**Task to complete**:
Please copy each line of the listing below precisely, excluding the images.

**Records supplied**:
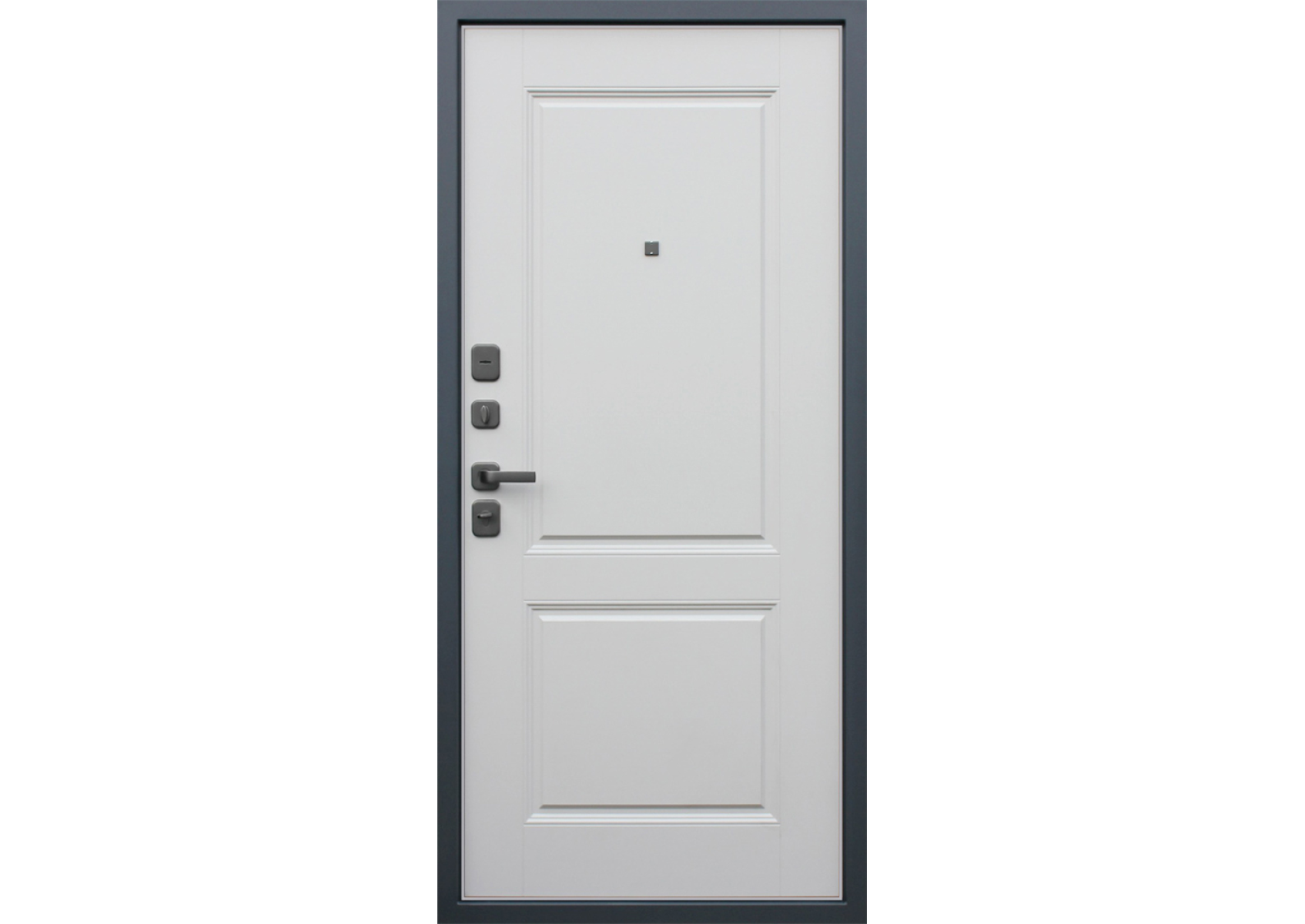 На квадратной розетке Ручка, глазок цвет «Графит».Евроцилиндр К-В перфокарта, броненакладка врезная , на сувальдном замке накладки со шторками автомат КЛС, штырь антисъемный 3 шт.
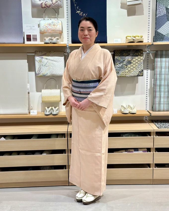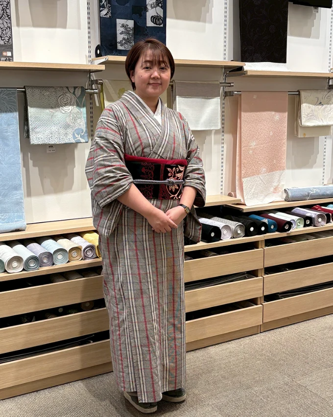 アドバイザーとして、店頭でお客様にご提案をしたり、ケアやスタイリングの相談を受けたりしています。また、出来上がり商品の検品や、LINE配信など裏方の仕事も行います。一人でも多くの方にきものがある生活をもっとエンジョイしてもらおう!という気持ちで仕事に取り組んでいます。
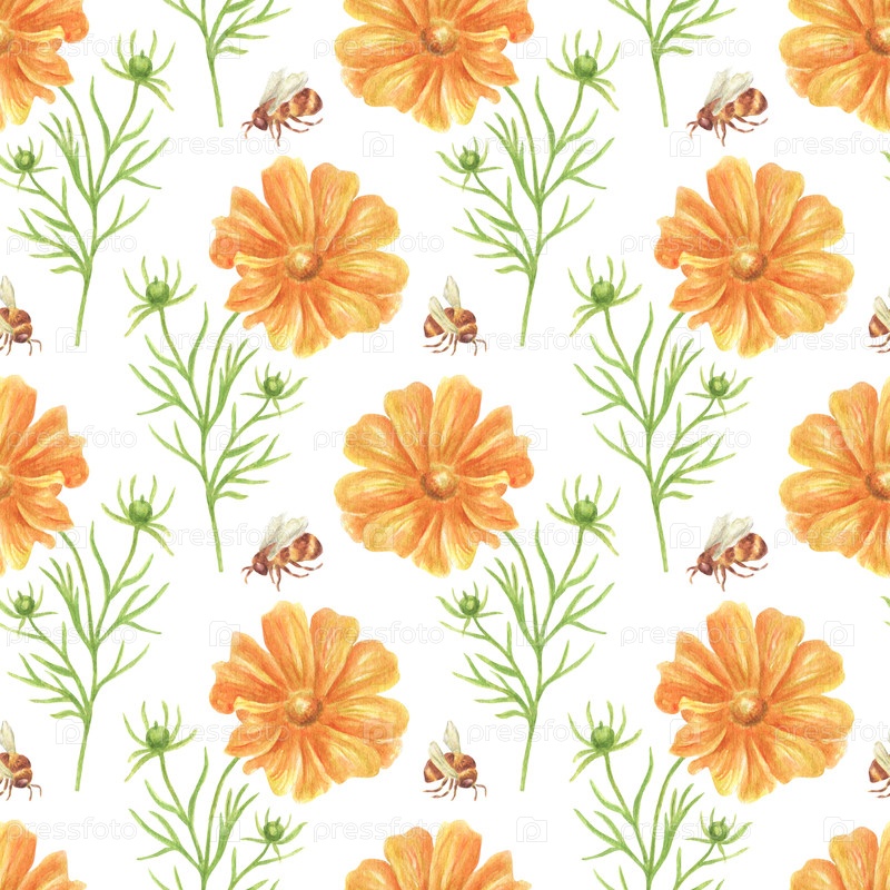Акварельный бесшовный рисунок с летними цветами и пчелами.Красоватый ботанический принт, нарисованный вручную
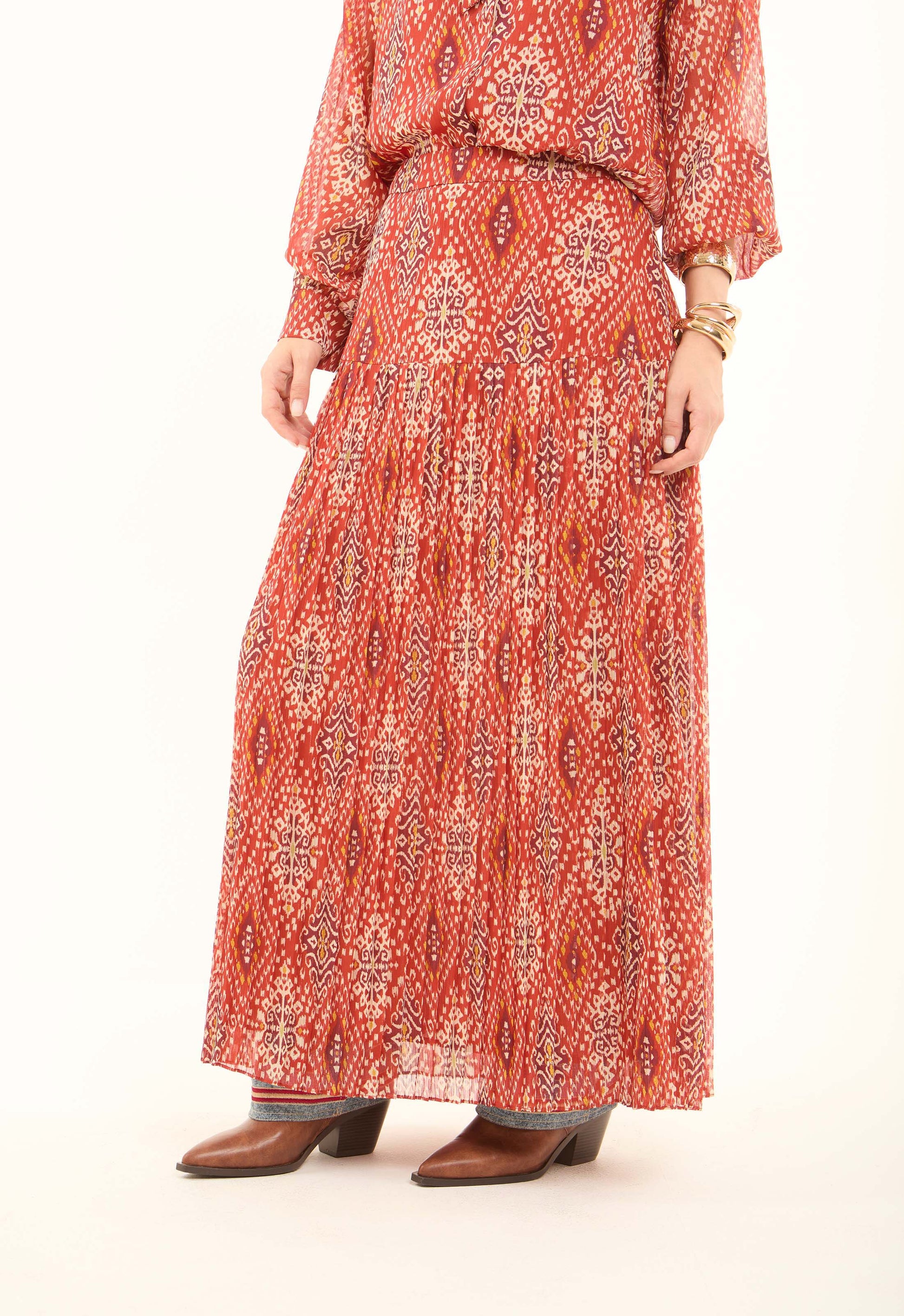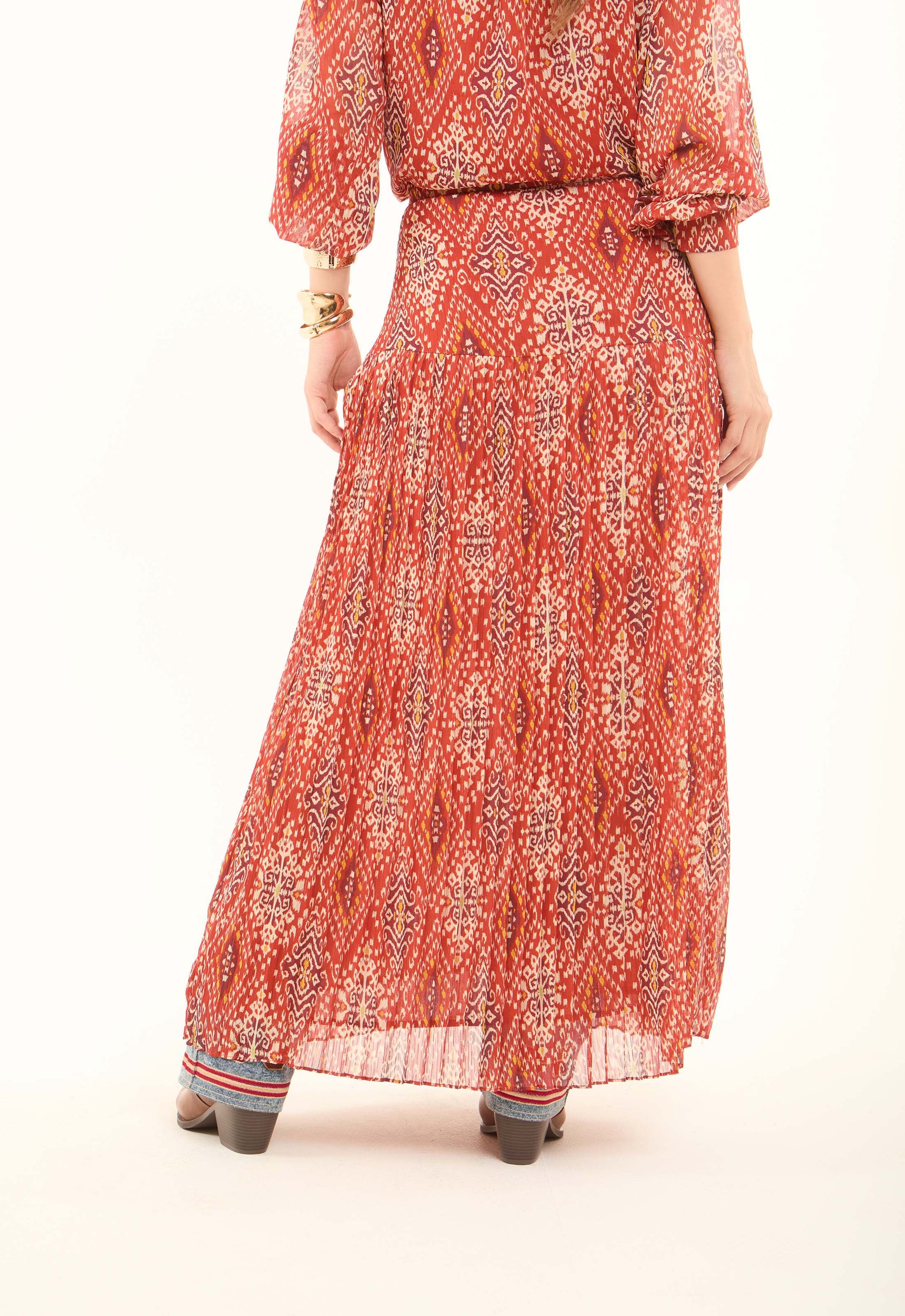 جيبة ماكسي شيفون منقوشة وبسوستة
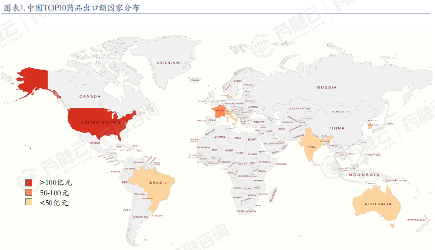 中国TOP10药品出口额国家分布
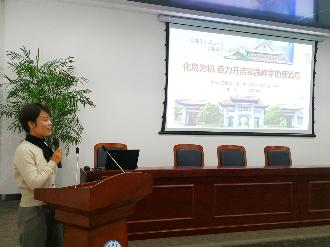 举行。在由各高校物理实验室负责人参加的“河南省大学物理实验教学创新改革座谈会”上,刘平安副教授汇报了我校创新实验教学模式,提高学生素质的改革情况,得到了与会领导的肯定。在同期举行的实验教学研讨会上,魏凌副教授介绍了我校大学物理实验教学团队“化危为机,奋力开启实践教学的新篇章”的抗疫事迹,以及实验教学标准化改革进程,得到与会代表的热烈反响。
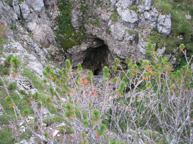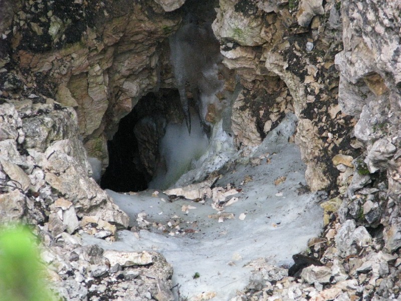 A quota 2000 sotto la cima trovo una dolina con inghiottitoio dove è presente ancora neve e ghiaccio, impressionante.
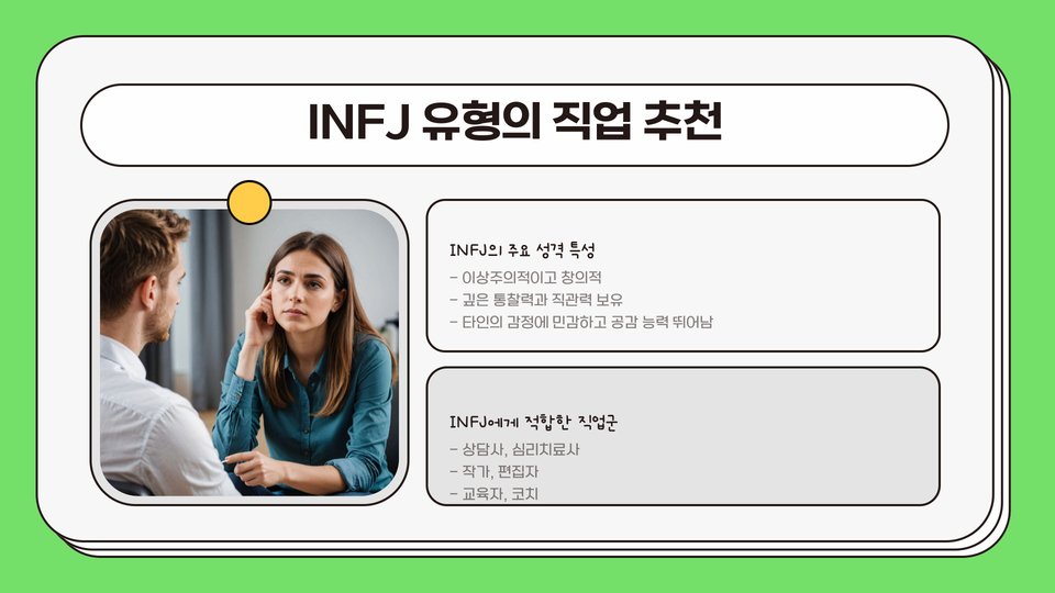 Tags: MBTI, 직업 추천, 성격 유형, 직업 만족도, 커리어 개발, 전문가 추천, 업무 환경, 스트레스 수준, 행복한 직장 생활, 개인적 성장

**Exercise solution**:
 На квадратной розетке Ручка, глазок цвет «Графит».Евроцилиндр К-В перфокарта, броненакладка врезная , на сувальдном замке накладки со шторками автомат КЛС, штырь антисъемный 3 шт.
 アドバイザーとして、店頭でお客様にご提案をしたり、ケアやスタイリングの相談を受けたりしています。また、出来上がり商品の検品や、LINE配信など裏方の仕事も行います。一人でも多くの方にきものがある生活をもっとエンジョイしてもらおう!という気持ちで仕事に取り組んでいます。
Акварельный бесшовный рисунок с летними цветами и пчелами.Красоватый ботанический принт, нарисованный вручную
 جيبة ماكسي شيفون منقوشة وبسوستة
 中国TOP10药品出口额国家分布
 举行。在由各高校物理实验室负责人参加的“河南省大学物理实验教学创新改革座谈会”上,刘平安副教授汇报了我校创新实验教学模式,提高学生素质的改革情况,得到了与会领导的肯定。在同期举行的实验教学研讨会上,魏凌副教授介绍了我校大学物理实验教学团队“化危为机,奋力开启实践教学的新篇章”的抗疫事迹,以及实验教学标准化改革进程,得到与会代表的热烈反响。
 A quota 2000 sotto la cima trovo una dolina con inghiottitoio dove è presente ancora neve e ghiaccio, impressionante.
 Tags: MBTI, 직업 추천, 성격 유형, 직업 만족도, 커리어 개발, 전문가 추천, 업무 환경, 스트레스 수준, 행복한 직장 생활, 개인적 성장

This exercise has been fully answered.